* **Required action**: Exact duplicates of the lines from the top of the data through the line containing "業(yè)者說從九月起就開始" are needed, with every picture left out.

* **Records contained in a dataset**:
____________
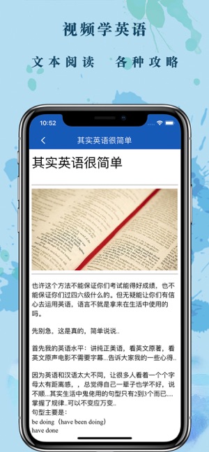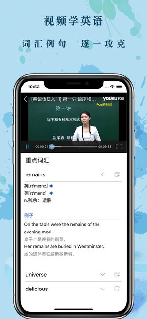 看一部美国影视胜过在美国生活十天。我们没有英语听说的语言环境,但可以通过看英语视频来创造一种“习得听说”的英语语言环境,使自己如身临其境般学到纯正地道的英语。 无论你是英语学习的初学者,还是英语学习遇到瓶颈的学生,视频学英语都能满足你的需求,这里有丰富的英语教学视频,针对不同阶段的英语学习者,提供了涵盖记忆、语法、口语等英语学习重点方面的学习技巧。更有双语阅读和英语技巧阅读模块,多角度多方面的帮助你学习英语,让我们一起来看视频学地道的英语吧!
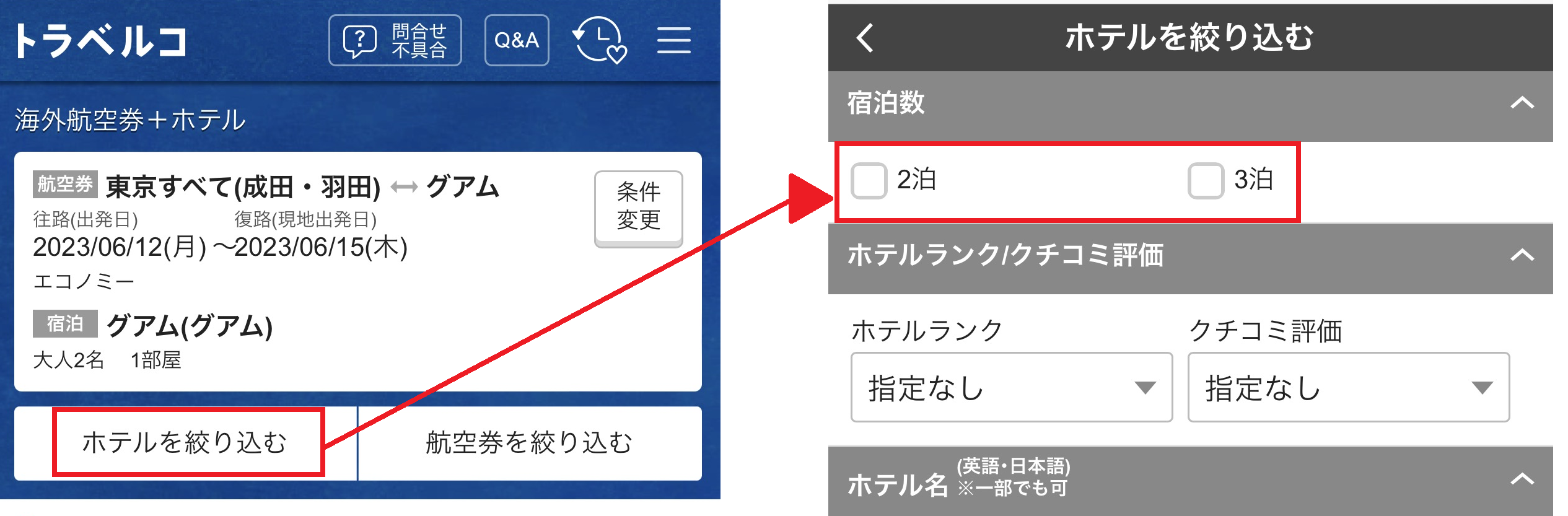検索結果一覧ページの「ホテルを絞り込む」機能より、宿泊日数を指定して検索していただくことが可能です。
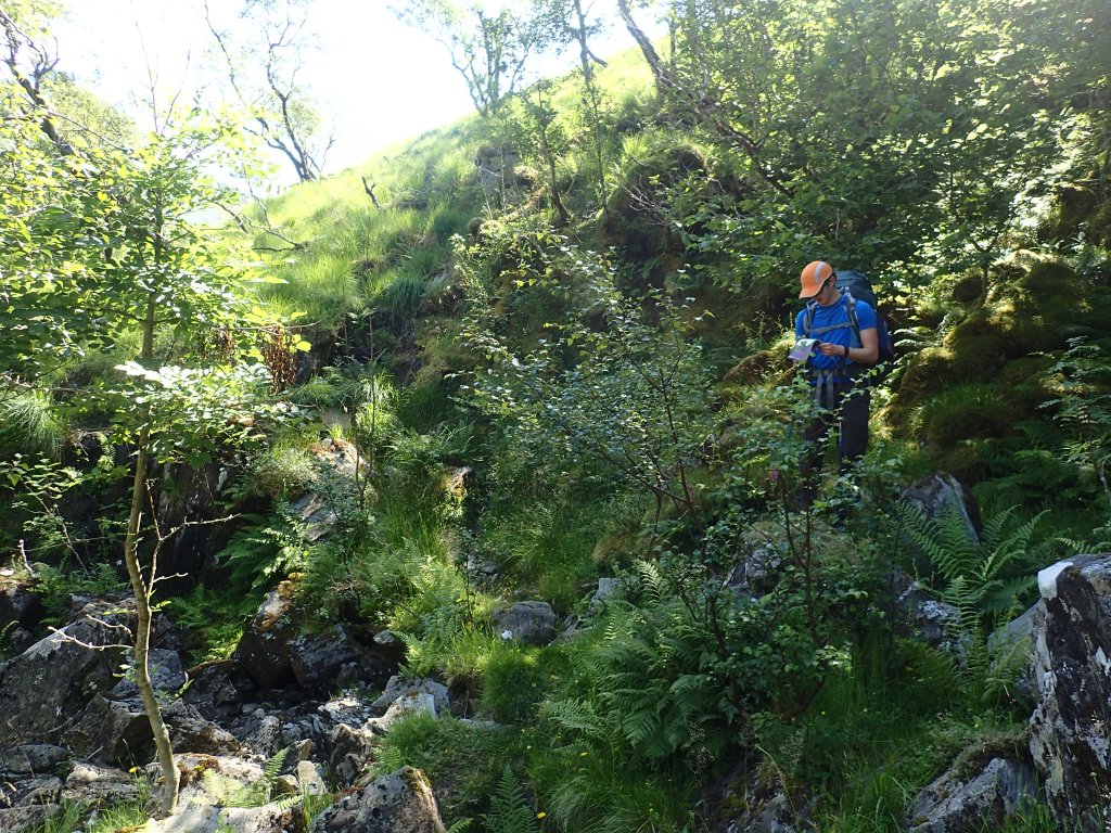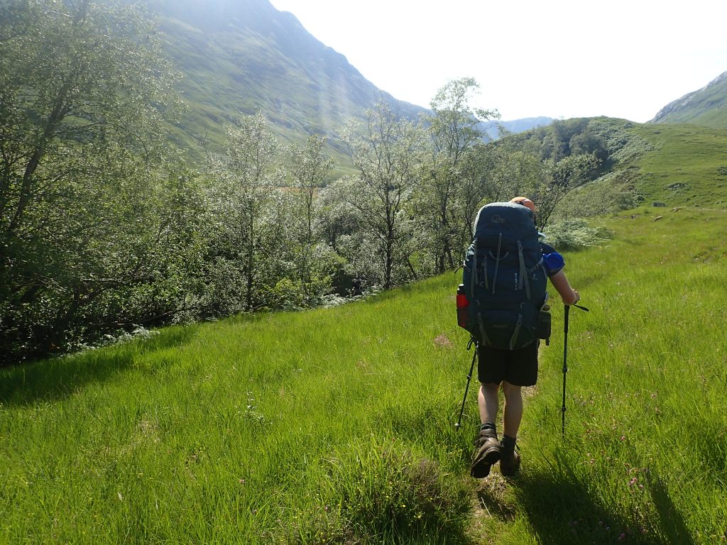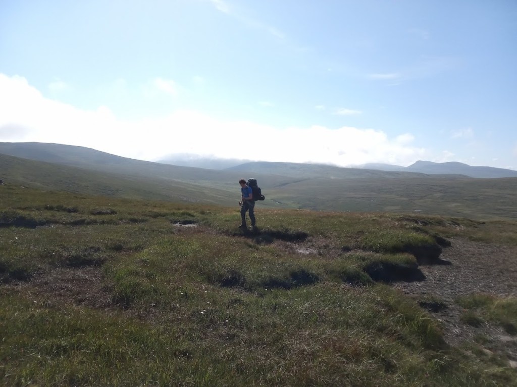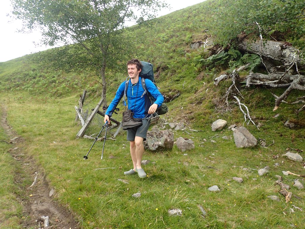The next day dawned even hotter than the last. Leaving Sourlies and Loch Nevis behind, we headed inland, into what is aptly named ‘the Rough Bounds of Knoydart’. It soon became apparent why this is the case. Up until this point our route had been blessed with some form of path. However, heading into the depths of the Knoydart peninsula, we soon found ourselves stumbling through tussock, bog and boulder, while the sun beat down relentlessly overhead. It was in this rough wilderness that we first brought out the first aid kit, after Chris slashed his knee on a sharp tree stump. A little further on, the end of Chris’s walking pole became detached and vanished inexplicably into a bog. After spending twenty minutes digging up the bog with our toilet trowel, we were forced to admit defeat and soldier on.
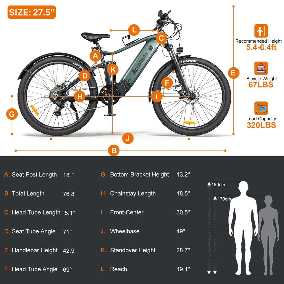 จักรยานไฟฟ้า Accolmile 2024 รุ่น Cola Bear สีเขียวดำ ขนาด 27.5/29 นิ้ว 48V 20Ah มอเตอร์ BAFANG กลาง 840Wh กำลังไฟ 750W ระยะทาง 60 กม. แบบอินทิเกรต
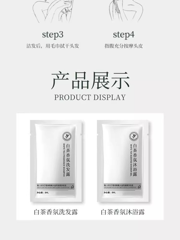 酒店白茶一次性袋装洗发沐浴酒店宾馆旅行便携小包洗发乳整箱批发 商品图4
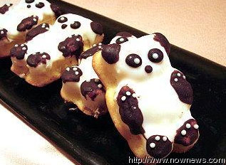 業(yè)者說從九月起就開始研發(fā)這一款“熊貓蛋糕”,以因應即將來臨的“熊貓熱”。業(yè)者說,可愛的熊貓造型,黑跟白的部分都是用瑞士來的巧克力,吃起來甜卻不膩,加上上面所黏的椰絲,越咀嚼越香,非常好吃。而且里頭還加了來自瑞士的糖漬柑橘丁,配上一些新鮮柳橙皮,增加果香。讓熊貓蛋糕咬下去口感豐富,一口接一口,細細咀嚼中還可以感受椰絲香氣。
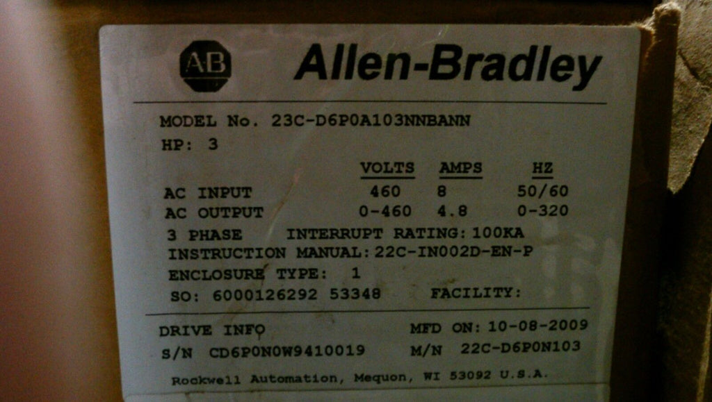 Allen-Bradley PowerFlex 400 AC Drive w/Bypass 23C-D6P0A103NNBANN 3HP New Surplus Condition: New – Open boxMPN: 23C-D6P0A103NNBANNBrand: Allen-Bradley Allen-Bradley PowerFlex 400 AC Drive w/Bypass 23C-D6P0A103NNBANN 3HP New Surplus Allen-Bradley PowerFlex 400 AC Drive w/ Bypass Part #: 23C-D6P0A103NNBANN 3HP 3PhInput:480V8A50/60HzOutput:0-460V4.8A0-320HzNew SurplusLOC AB11-284 / AB4N2 Allen-Bradley PowerFlex 400 AC Drive w/ Bypass Part #: 23C-D6P0A103NNBANN 3HP 3Ph Input: 480V 8A 50/60Hz Output: 0-460V 4.8A 0-320Hz New Surplus LOC AB11-284 / AB4N2
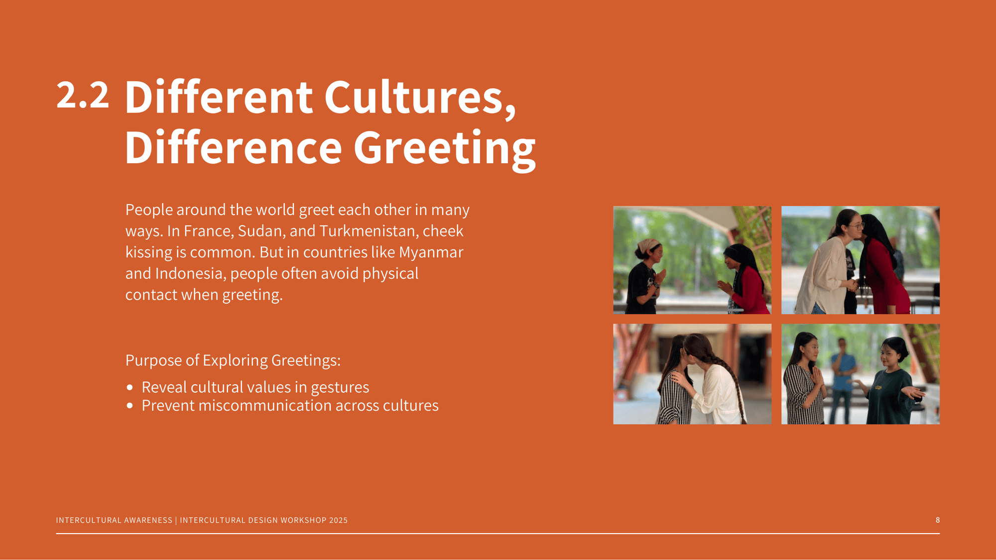 A simple greeting can build trust—or create awkward moments. Cheek kissing feels natural in some cultures and uncomfortable in others. This project explores how greetings differ worldwide, helping us navigate cultural do’s and don’ts with awareness, respect, and ease. more
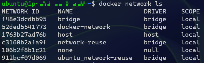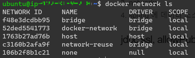 docker network ls 로 생성된 네트워크를 확인할 수 있다.
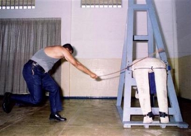新加坡的鞭刑現(xiàn)場。鞭刑是比較殘酷的,一般一次處刑是一鞭,打的皮開肉綻的,然后回去養(yǎng)傷,等傷好以后再受第二鞭,可見對于罪犯的身體懲罰和心理震懾是非常嚴重的。
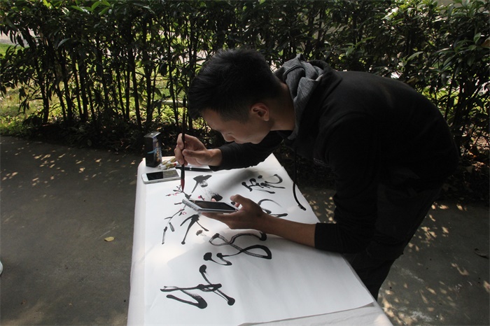 比赛激烈的进行着,选手们有条不紊的以自己脑中的想法进行着书法的创作。有的或在思考如何体现字亦画,画亦字的主题,而以团队名义参加的选手们新颖的书法创作更是层出不穷。虽然每个人都有自己对主题和内容的看法,但是把这些看法联系起来又是一幅又一幅富有创意的作品。为了与本次比赛主题“追本溯源——字亦画,画亦字”相契合,选手们都在创作上下了很大的功夫,更何况这次与以往的书法比赛的不同之处就在于:一幅作品中书与画两者缺一不可。
____________
* **Finished task**:
 看一部美国影视胜过在美国生活十天。我们没有英语听说的语言环境,但可以通过看英语视频来创造一种“习得听说”的英语语言环境,使自己如身临其境般学到纯正地道的英语。 无论你是英语学习的初学者,还是英语学习遇到瓶颈的学生,视频学英语都能满足你的需求,这里有丰富的英语教学视频,针对不同阶段的英语学习者,提供了涵盖记忆、语法、口语等英语学习重点方面的学习技巧。更有双语阅读和英语技巧阅读模块,多角度多方面的帮助你学习英语,让我们一起来看视频学地道的英语吧!
検索結果一覧ページの「ホテルを絞り込む」機能より、宿泊日数を指定して検索していただくことが可能です。
The next day dawned even hotter than the last. Leaving Sourlies and Loch Nevis behind, we headed inland, into what is aptly named ‘the Rough Bounds of Knoydart’. It soon became apparent why this is the case. Up until this point our route had been blessed with some form of path. However, heading into the depths of the Knoydart peninsula, we soon found ourselves stumbling through tussock, bog and boulder, while the sun beat down relentlessly overhead. It was in this rough wilderness that we first brought out the first aid kit, after Chris slashed his knee on a sharp tree stump. A little further on, the end of Chris’s walking pole became detached and vanished inexplicably into a bog. After spending twenty minutes digging up the bog with our toilet trowel, we were forced to admit defeat and soldier on.
 จักรยานไฟฟ้า Accolmile 2024 รุ่น Cola Bear สีเขียวดำ ขนาด 27.5/29 นิ้ว 48V 20Ah มอเตอร์ BAFANG กลาง 840Wh กำลังไฟ 750W ระยะทาง 60 กม. แบบอินทิเกรต
 酒店白茶一次性袋装洗发沐浴酒店宾馆旅行便携小包洗发乳整箱批发 商品图4
 業(yè)者說從九月起就開始研發(fā)這一款“熊貓蛋糕”,以因應即將來臨的“熊貓熱”。業(yè)者說,可愛的熊貓造型,黑跟白的部分都是用瑞士來的巧克力,吃起來甜卻不膩,加上上面所黏的椰絲,越咀嚼越香,非常好吃。而且里頭還加了來自瑞士的糖漬柑橘丁,配上一些新鮮柳橙皮,增加果香。讓熊貓蛋糕咬下去口感豐富,一口接一口,細細咀嚼中還可以感受椰絲香氣。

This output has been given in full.